*** DATA EXTRACTS Section Begins ***

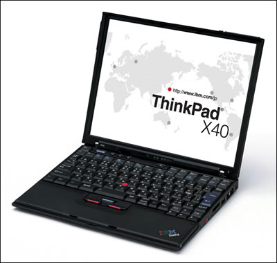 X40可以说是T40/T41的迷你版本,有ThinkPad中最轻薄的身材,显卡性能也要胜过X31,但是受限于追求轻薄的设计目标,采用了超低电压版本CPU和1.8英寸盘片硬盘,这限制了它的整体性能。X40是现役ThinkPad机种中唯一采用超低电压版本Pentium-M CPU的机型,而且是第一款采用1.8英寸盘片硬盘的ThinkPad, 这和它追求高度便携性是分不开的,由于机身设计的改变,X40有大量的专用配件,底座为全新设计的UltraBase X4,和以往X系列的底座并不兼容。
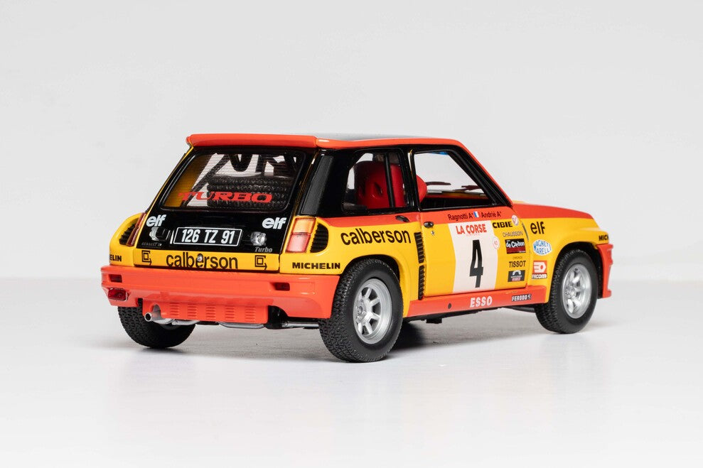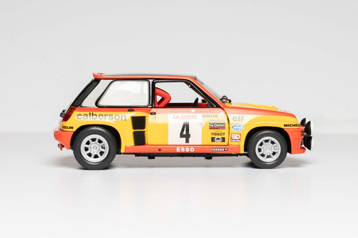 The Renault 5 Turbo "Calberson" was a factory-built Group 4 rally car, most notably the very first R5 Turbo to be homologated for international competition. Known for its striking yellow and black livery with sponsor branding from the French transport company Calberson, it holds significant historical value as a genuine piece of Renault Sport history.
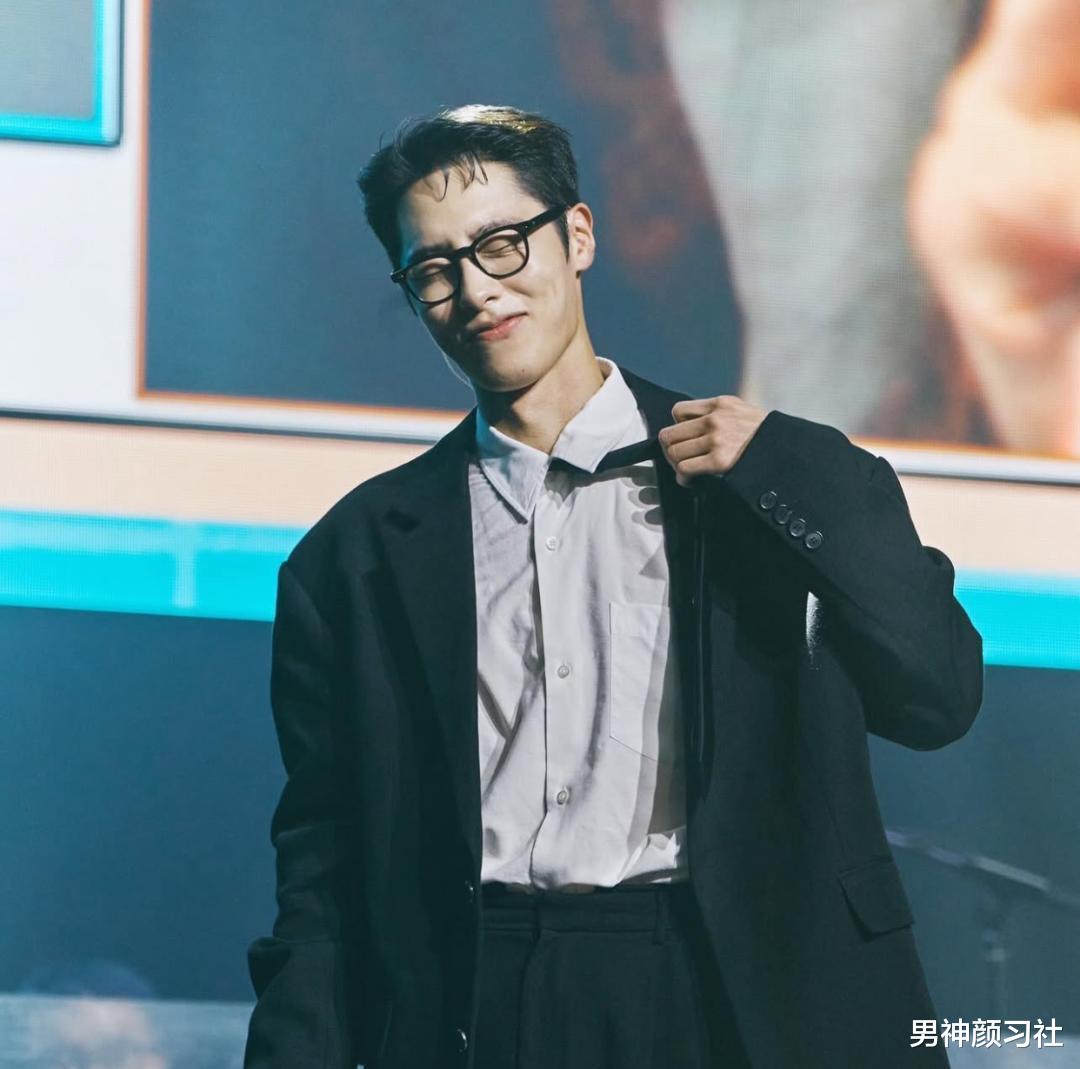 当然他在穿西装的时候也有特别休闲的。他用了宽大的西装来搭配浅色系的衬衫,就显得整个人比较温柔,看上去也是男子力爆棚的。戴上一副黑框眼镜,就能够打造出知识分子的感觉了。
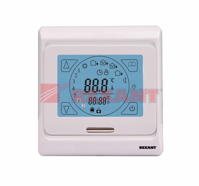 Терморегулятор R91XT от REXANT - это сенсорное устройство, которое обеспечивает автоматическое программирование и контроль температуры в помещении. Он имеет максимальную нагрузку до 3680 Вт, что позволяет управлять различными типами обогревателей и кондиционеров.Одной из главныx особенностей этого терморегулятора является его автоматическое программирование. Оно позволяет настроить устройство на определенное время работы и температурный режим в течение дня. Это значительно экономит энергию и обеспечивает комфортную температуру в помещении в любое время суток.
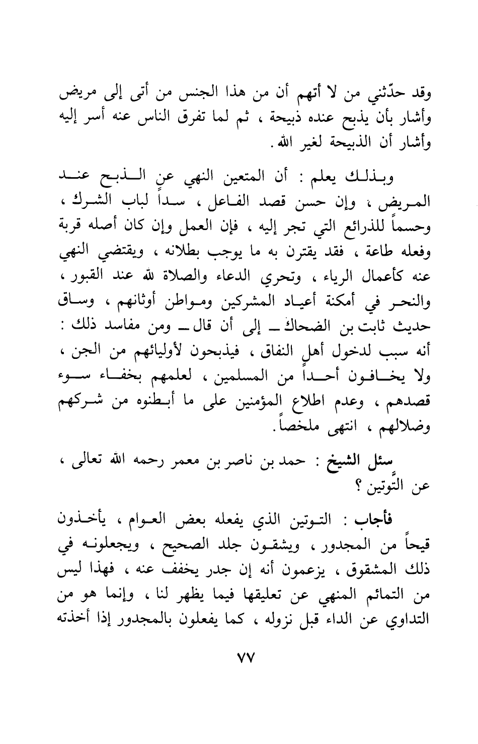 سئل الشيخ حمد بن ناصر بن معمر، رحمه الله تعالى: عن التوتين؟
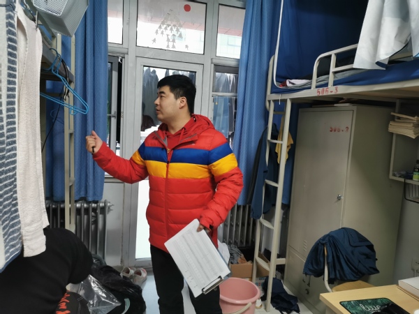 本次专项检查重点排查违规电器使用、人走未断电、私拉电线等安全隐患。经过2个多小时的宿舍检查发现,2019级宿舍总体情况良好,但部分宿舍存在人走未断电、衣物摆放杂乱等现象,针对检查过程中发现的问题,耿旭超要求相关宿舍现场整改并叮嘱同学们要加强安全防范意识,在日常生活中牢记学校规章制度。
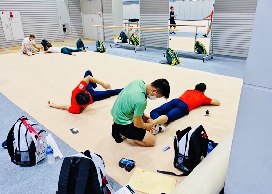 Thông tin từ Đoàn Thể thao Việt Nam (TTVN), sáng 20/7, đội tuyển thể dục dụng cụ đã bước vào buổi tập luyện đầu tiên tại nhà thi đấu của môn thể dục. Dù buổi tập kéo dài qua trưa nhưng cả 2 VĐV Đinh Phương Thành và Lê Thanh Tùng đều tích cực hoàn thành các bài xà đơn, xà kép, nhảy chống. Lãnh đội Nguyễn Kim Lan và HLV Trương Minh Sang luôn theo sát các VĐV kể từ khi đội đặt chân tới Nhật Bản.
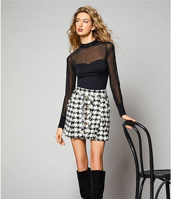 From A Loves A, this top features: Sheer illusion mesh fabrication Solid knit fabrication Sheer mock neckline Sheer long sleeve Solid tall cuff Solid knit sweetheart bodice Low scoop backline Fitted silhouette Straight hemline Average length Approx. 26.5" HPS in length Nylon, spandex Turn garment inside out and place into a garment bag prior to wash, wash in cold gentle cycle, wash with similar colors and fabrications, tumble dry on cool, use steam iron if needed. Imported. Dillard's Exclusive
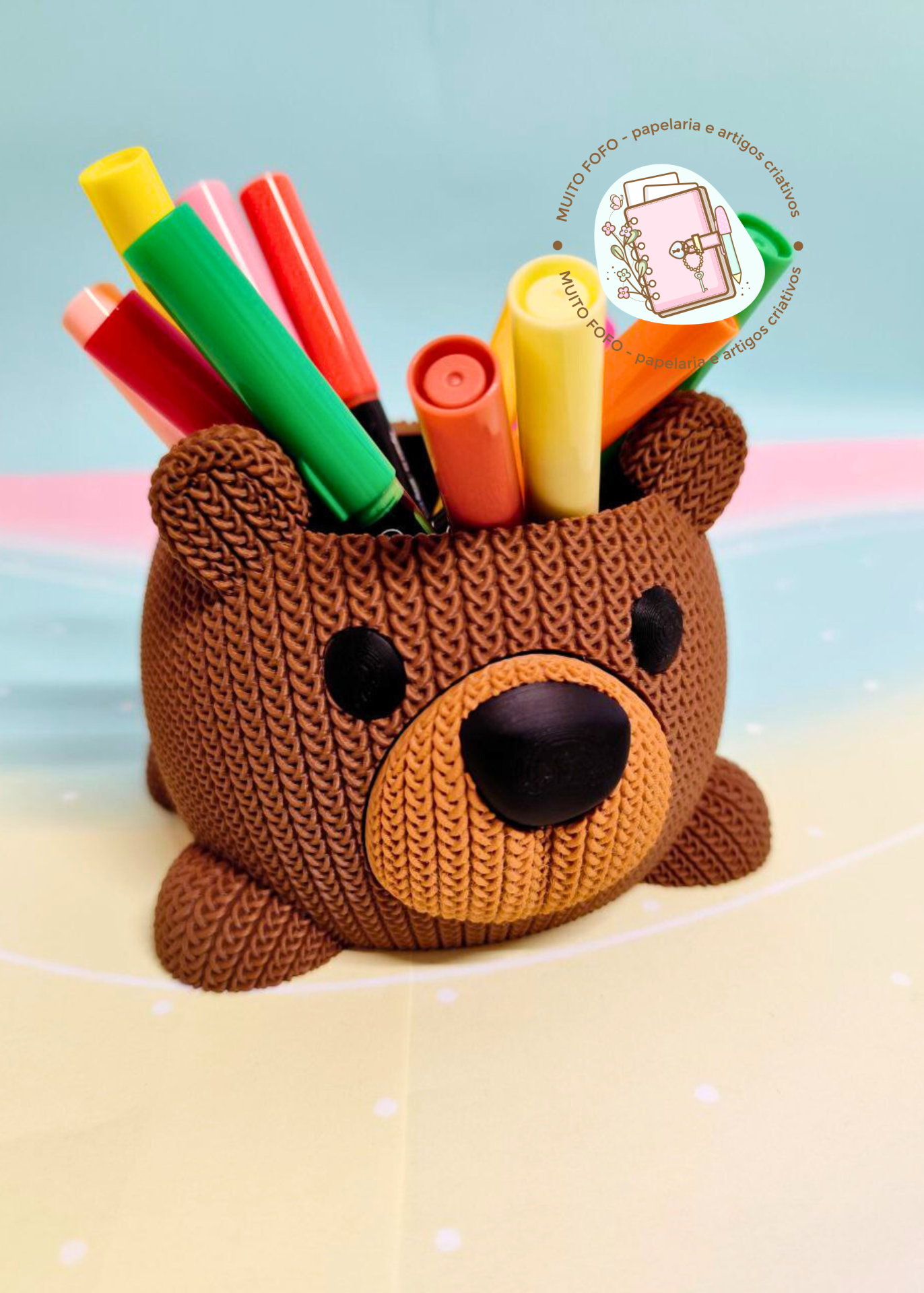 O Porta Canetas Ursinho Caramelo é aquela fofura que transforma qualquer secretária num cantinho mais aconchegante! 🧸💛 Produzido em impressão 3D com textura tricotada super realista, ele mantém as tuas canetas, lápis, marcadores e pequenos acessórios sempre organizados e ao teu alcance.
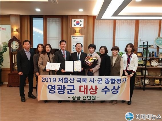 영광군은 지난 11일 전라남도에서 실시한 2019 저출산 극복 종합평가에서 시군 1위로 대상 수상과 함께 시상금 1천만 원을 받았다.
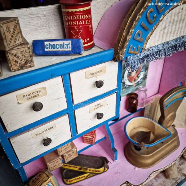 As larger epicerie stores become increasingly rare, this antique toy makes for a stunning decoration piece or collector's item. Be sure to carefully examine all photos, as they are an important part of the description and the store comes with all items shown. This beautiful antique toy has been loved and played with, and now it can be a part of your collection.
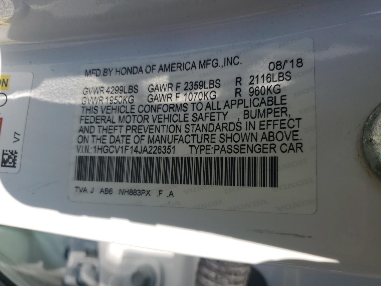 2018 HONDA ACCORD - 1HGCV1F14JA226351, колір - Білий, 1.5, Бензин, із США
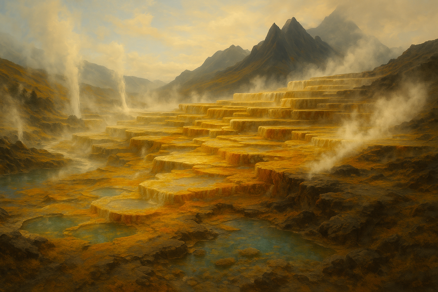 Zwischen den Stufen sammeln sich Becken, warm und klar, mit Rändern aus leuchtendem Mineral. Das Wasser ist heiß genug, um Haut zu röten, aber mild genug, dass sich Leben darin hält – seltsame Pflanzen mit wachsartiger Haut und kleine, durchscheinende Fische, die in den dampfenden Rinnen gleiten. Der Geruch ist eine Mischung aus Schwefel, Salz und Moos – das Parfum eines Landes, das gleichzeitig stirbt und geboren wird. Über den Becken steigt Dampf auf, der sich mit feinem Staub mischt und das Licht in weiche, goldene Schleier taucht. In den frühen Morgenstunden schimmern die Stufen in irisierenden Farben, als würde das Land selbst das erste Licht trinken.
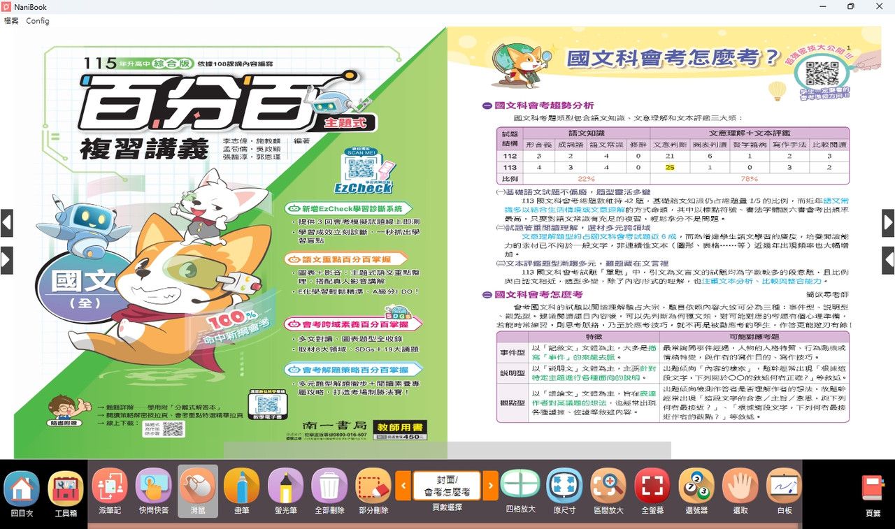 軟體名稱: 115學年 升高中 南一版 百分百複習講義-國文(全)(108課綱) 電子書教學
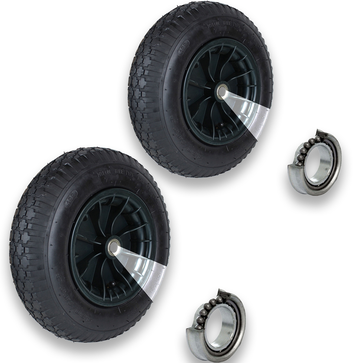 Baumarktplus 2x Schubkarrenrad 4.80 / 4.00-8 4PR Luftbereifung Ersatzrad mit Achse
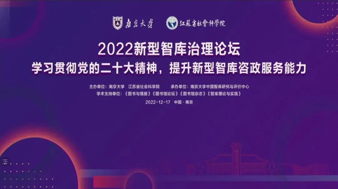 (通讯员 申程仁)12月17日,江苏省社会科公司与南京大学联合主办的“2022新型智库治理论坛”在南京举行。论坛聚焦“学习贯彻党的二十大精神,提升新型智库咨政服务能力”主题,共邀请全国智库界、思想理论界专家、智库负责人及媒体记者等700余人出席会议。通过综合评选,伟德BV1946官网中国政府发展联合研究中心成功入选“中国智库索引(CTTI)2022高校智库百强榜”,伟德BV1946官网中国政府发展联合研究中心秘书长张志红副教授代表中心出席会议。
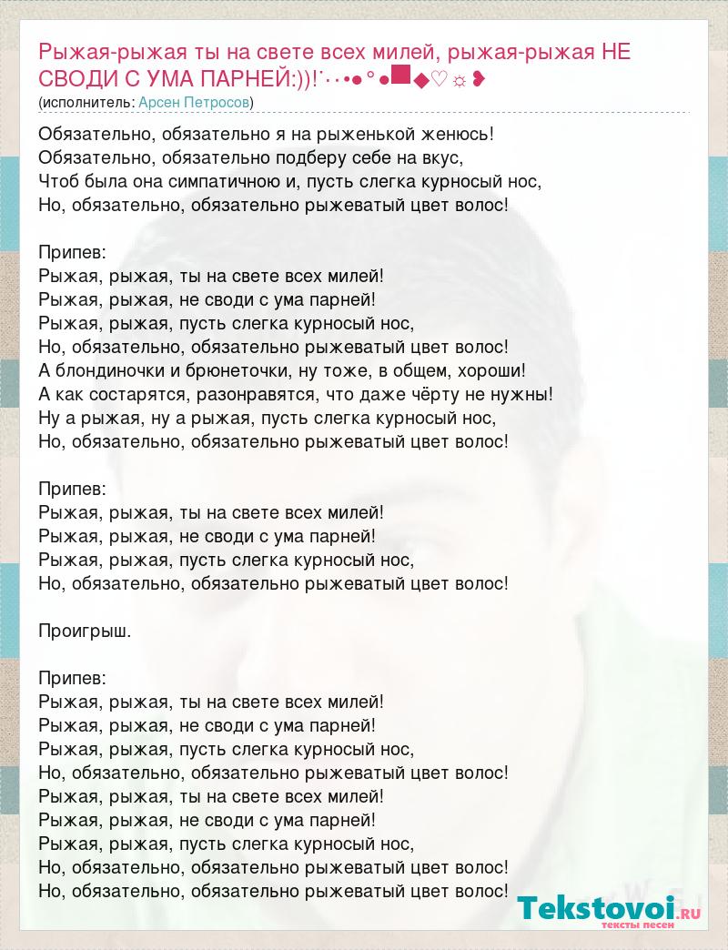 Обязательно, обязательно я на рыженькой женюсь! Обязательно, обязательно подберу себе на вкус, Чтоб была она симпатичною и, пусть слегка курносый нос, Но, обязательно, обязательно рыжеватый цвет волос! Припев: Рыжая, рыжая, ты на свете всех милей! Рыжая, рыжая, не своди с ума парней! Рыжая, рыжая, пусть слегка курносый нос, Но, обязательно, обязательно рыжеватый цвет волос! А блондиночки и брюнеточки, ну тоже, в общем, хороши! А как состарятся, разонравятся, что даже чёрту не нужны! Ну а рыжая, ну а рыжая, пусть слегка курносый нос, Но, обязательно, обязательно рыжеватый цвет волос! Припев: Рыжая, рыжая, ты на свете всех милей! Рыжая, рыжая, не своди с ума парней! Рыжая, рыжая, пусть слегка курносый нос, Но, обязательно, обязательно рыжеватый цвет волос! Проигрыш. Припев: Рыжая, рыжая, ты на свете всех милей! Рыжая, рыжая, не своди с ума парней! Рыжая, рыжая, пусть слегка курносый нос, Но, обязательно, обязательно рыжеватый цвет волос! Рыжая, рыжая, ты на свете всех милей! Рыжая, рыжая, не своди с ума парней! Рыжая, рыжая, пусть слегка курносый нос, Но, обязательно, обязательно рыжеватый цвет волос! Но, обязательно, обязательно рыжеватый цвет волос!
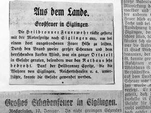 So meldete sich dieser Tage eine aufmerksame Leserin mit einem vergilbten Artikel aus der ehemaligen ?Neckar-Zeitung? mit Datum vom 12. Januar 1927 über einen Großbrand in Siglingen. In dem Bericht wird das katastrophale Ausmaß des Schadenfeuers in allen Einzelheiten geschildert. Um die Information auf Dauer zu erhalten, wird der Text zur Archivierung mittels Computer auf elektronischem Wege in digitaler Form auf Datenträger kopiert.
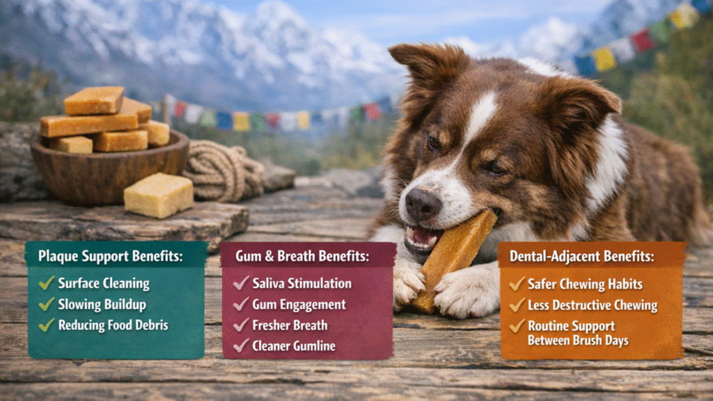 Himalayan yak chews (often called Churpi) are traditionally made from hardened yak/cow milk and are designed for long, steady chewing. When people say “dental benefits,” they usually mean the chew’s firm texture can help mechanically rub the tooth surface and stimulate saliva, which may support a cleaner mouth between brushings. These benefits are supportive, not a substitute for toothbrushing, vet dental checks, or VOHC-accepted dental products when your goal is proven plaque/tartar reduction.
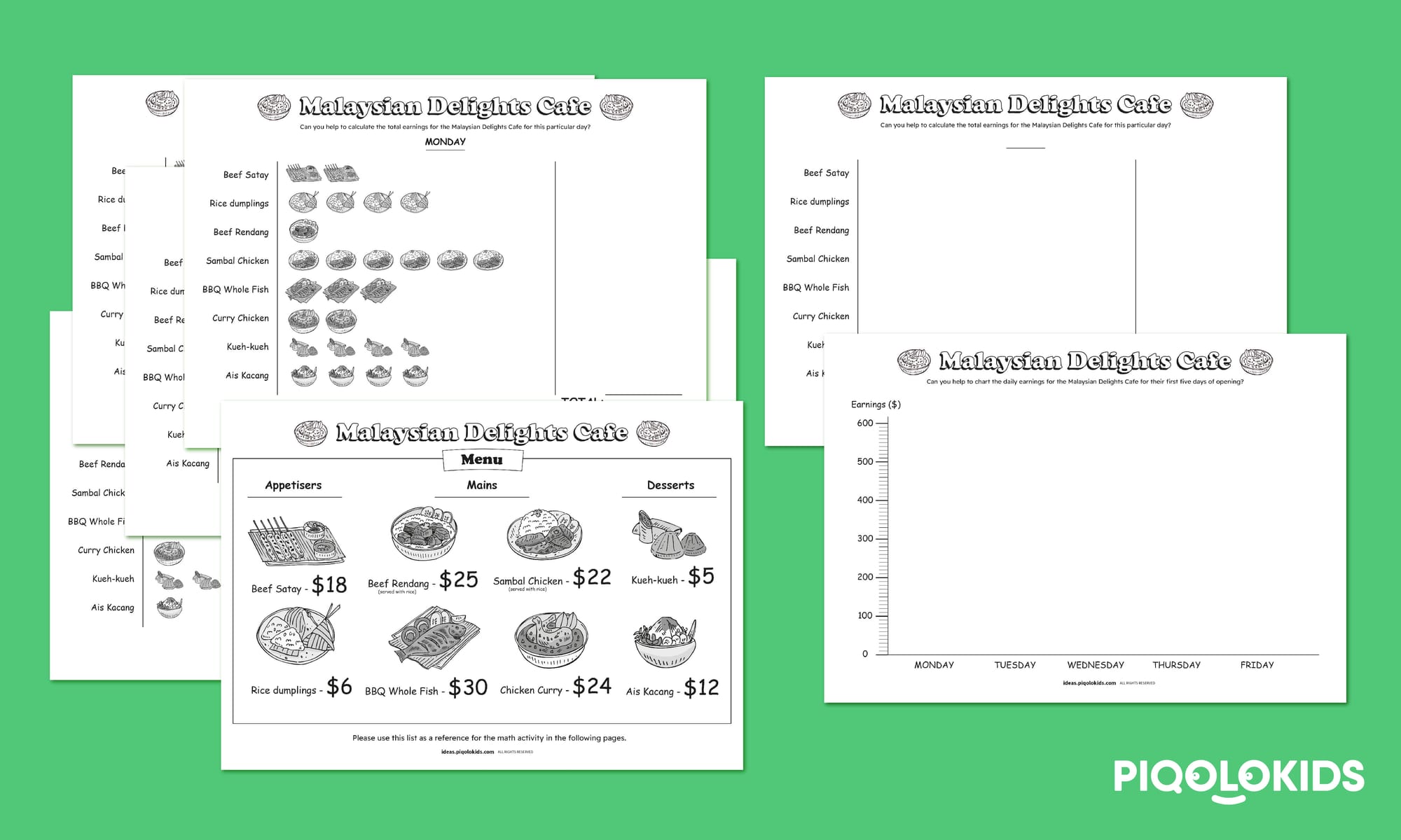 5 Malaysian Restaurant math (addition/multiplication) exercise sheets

*** DATA EXTRACTS Section Ends ***

GOAL OF THE EXERCISE:
Could the stretch from the line with "As larger epicerie" through the line with "2018 HONDA ACCORD" in the listing above be restated word for word, minus the pictures?

TASK RESPONSE:
 As larger epicerie stores become increasingly rare, this antique toy makes for a stunning decoration piece or collector's item. Be sure to carefully examine all photos, as they are an important part of the description and the store comes with all items shown. This beautiful antique toy has been loved and played with, and now it can be a part of your collection.
 2018 HONDA ACCORD - 1HGCV1F14JA226351, колір - Білий, 1.5, Бензин, із США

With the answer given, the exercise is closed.